Gene imprinting data

Imprinted genes are unusually predisposed to causing disease due to the silencing of expression of one of the two homologues at an imprinted locus, requiring only heterozygosity for a mutation affecting the active allele to cause complete loss of gene expression. It would be valuable to know which genes in the human genome undergo imprinting. Greally¹⁸ described the first characteristic sequence parameter that discriminates imprinted regions – a paucity of short interspersed transposable elements (SINEs).

The genomic data collected to study imprinted genes were from the UCSC Genome Browser (http://genome.ucsc.edu/). Annotation data were downloaded for the human genome (hg16, July 2003 freeze). The data contain 131 samples and 1446 predictors. Among the 131 samples, 43 are imprinted and 88 are non-imprinted (control) genes. The current dataset has been made available by Greally, and downloadable from http://www.ams.sunysb.edu/∼hahn/research/CERP/imprint.txt. Before applying the methods, we removed the predictors that had identical values for more than 98% of the samples. For the gene imprinting data, 1248 out of 1446 predictors were selected using this criterion.

Both SSP and SDP yielded the same size of tree at the type I error level α of 0.05. The corresponding critical value is ζ_α = 12.27. Figure 1 displays the tree generated by SSP. The number in each circle or square is the sample size for the node. The first split occurred on Gene ALU. DNSC550 (x₀) at x₀ = 269. The adjusted P-value for this split is 0.002 with the corresponding test statistic value of 16.07. These data are split into a node containing 79 samples with x₀ <269, and the other node containing 52 patients with gene x₀ ≥269. Only one of the 52 genes is imprinted in the second group. The genes with x₀ <269 were further split on CR1.DNSS500 (x₁) at x₁ = 993. The adjusted P-value of this split is 0.036 with corresponding test statistic value of 13.86. In the tree generated by SDP at the same type I error level, the adjusted P-value for the second split is 0.001 with test statistic value of 13.86 and critical value ζ_α₂ = 9.20.

Classification tree for the gene imprinting data generated by SSP with α = 0.05.

It is difficult to find one measure for classification accuracy, because there are several splits in one tree and the classification accuracies in nodes at different levels cannot be weighed equally.

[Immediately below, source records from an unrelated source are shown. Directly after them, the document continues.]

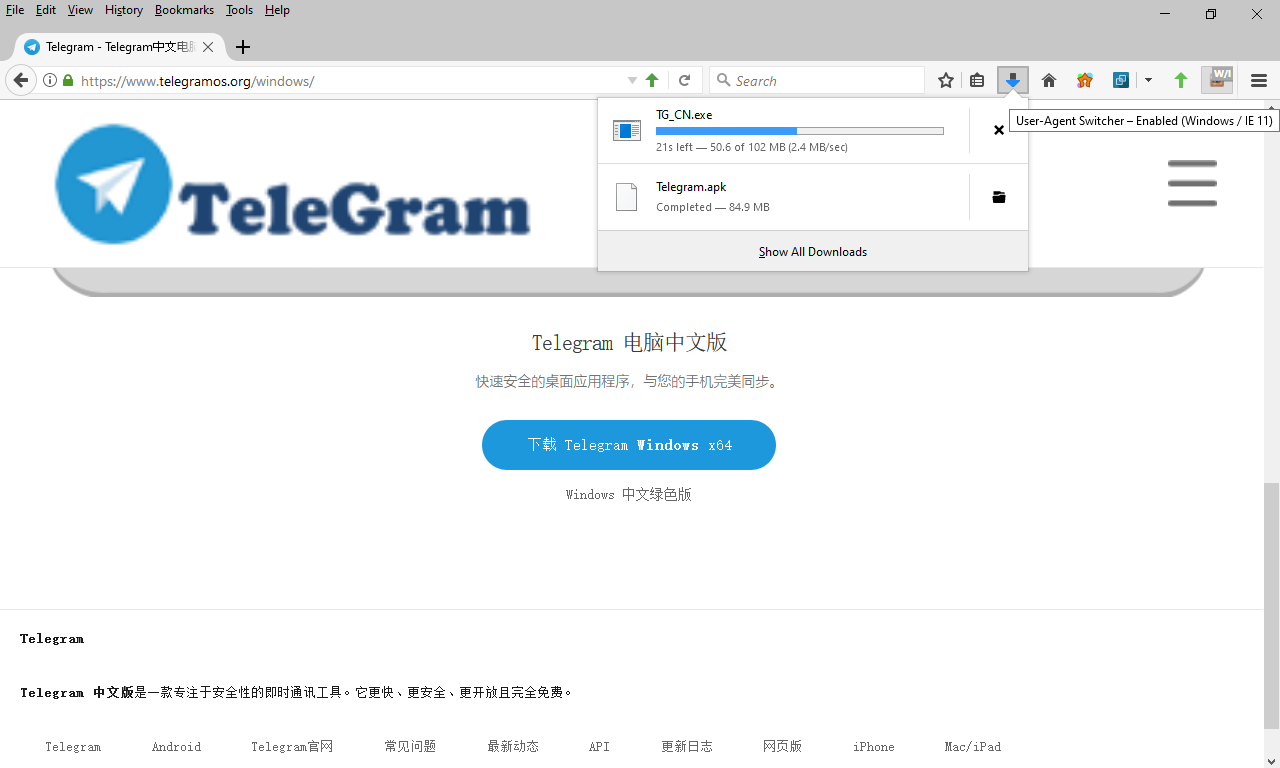 Al principio, nuestra investigación nos llevó a un sitio web (telegramos[.]org) que ofrece, o dice ofrecer, versiones en chino de la aplicación Telegram para Android, iOS y Windows. Observamos que el sitio (que nosotros y otros proveedores señalamos como malicioso) ignoraba ocasionalmente, pero no sistemáticamente, nuestras opciones de SO cuando hacíamos clic en los enlaces de descarga, entregando en su lugar una versión basada en la cadena de agente de usuario a la que estaba configurado nuestro navegador, como se muestra en las capturas de pantalla siguientes.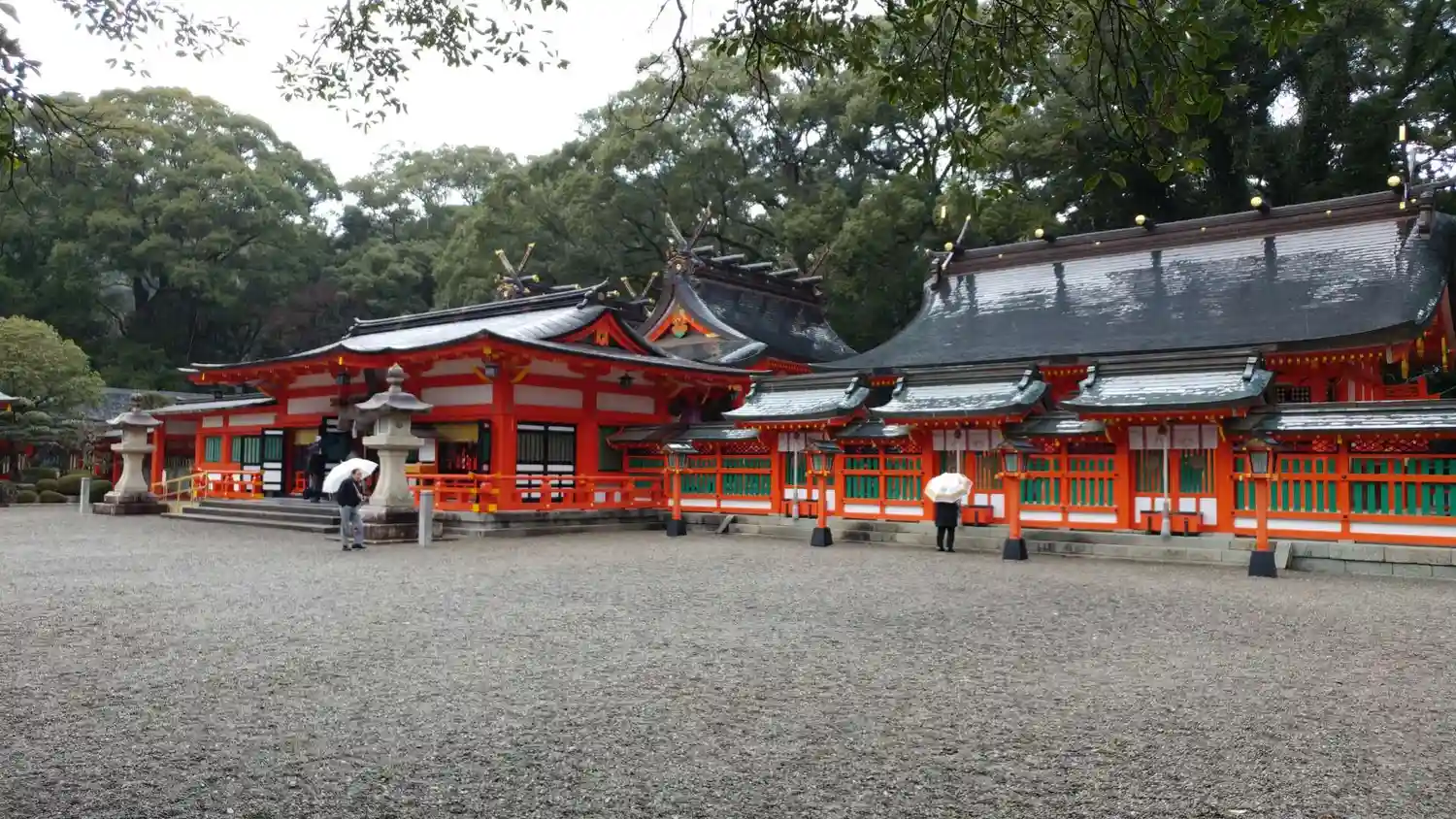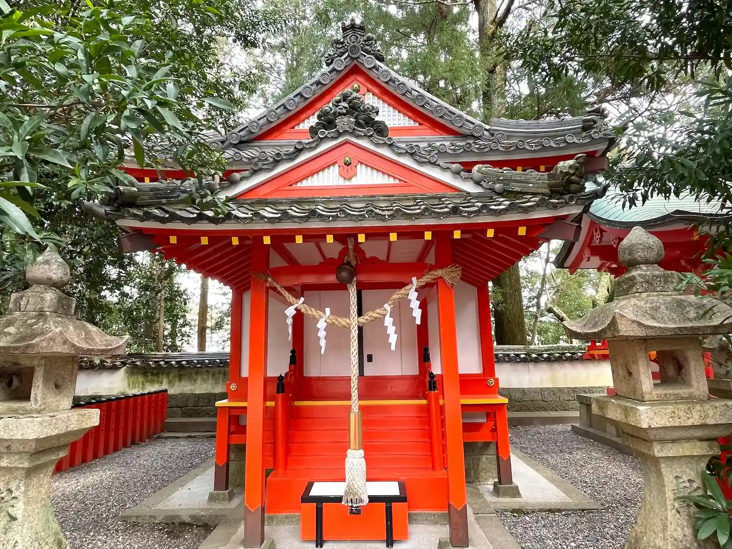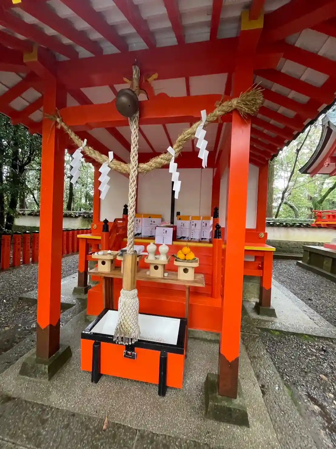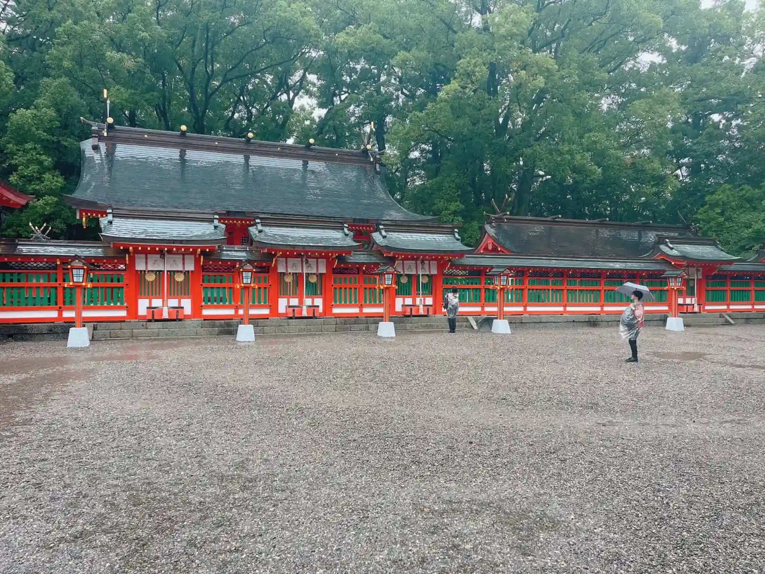 雨でしたが、かえって社殿や鳥居の朱色が映えている気がしまし…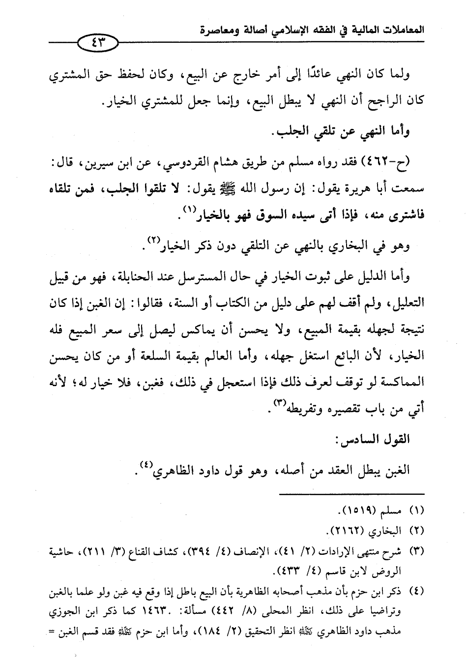 (ح-٤٦٢) فقد رواه مسلم من طريق هشام القردوسي، عن ابن سيرين، قال: سمعت أبا هريرة يقول: إن رسول الله - صلى الله عليه وسلم - يقول: لا تلقوا الجلب، فمن تلقاه فاشترى منه، فإذا أتى سيده السوق فهو بالخيار (¬١).

However, the trees obtained in this paper show that the classifications are quite accurate. For the gene imprinting data, one terminal node contains only one imprinted gene out of 52 genes, while the other two nodes dominantly contain imprinted genes.

Lung cancer data

Shedden et al.¹⁹ studied gene expression-based survival prediction in lung adenocarcinoma. The data from this multisite study contain survival information for 445 lung cancer patients with expression of 20,000 genes. Since the analysis of these high-dimensional data by our method is heavily computer intensive, we selected 1,000 genes using the ratio of the between-group to within group sums of squares (BW) ratio²² before applying the method. A predictor variable containing the indicator of the centers is added to the 1,000 covariates.

Figure 2 shows the tree obtained using SSP. The type I error level α was chosen to be 0.2, and the corresponding critical value ζ_a was 24.5. The first split occurred on Gene 201303_–at at 1620. The adjusted P-value for the split was >0.0001 with corresponding test statistic value of 39.5. The left child node was split on Gene 215882_at at 10.5 (adjusted P-value of 0.086 and test statistic value of 25.3), and the right child node was split on Gene 219323_s_at at 192.8 (adjusted P-value of 0.191 and test statistic value of 24.5). The median survival time varies a lot among the four terminal nodes. The median survival time of the first terminal node is more than quadruple the fourth terminal node. Figure 3 compares the Kaplan–Meier survival curves of the four groups. The groups are numbered from the left node to the right. The critical values are 27.1 for a 0.05 significance level and 25.2 for a 0.1 significance level. The tree will have only one split at the 0.05 type I error level and two splits (one more at the left child node of the root) at the 0.1 type I error level.

Classification tree for the lung cancer data generated by SSP with α = 0.2. The median survival time is in months.

Kaplan–Meier survival curves for the samples in the terminal nodes of the tree in Figure 2 for the lung cancer data.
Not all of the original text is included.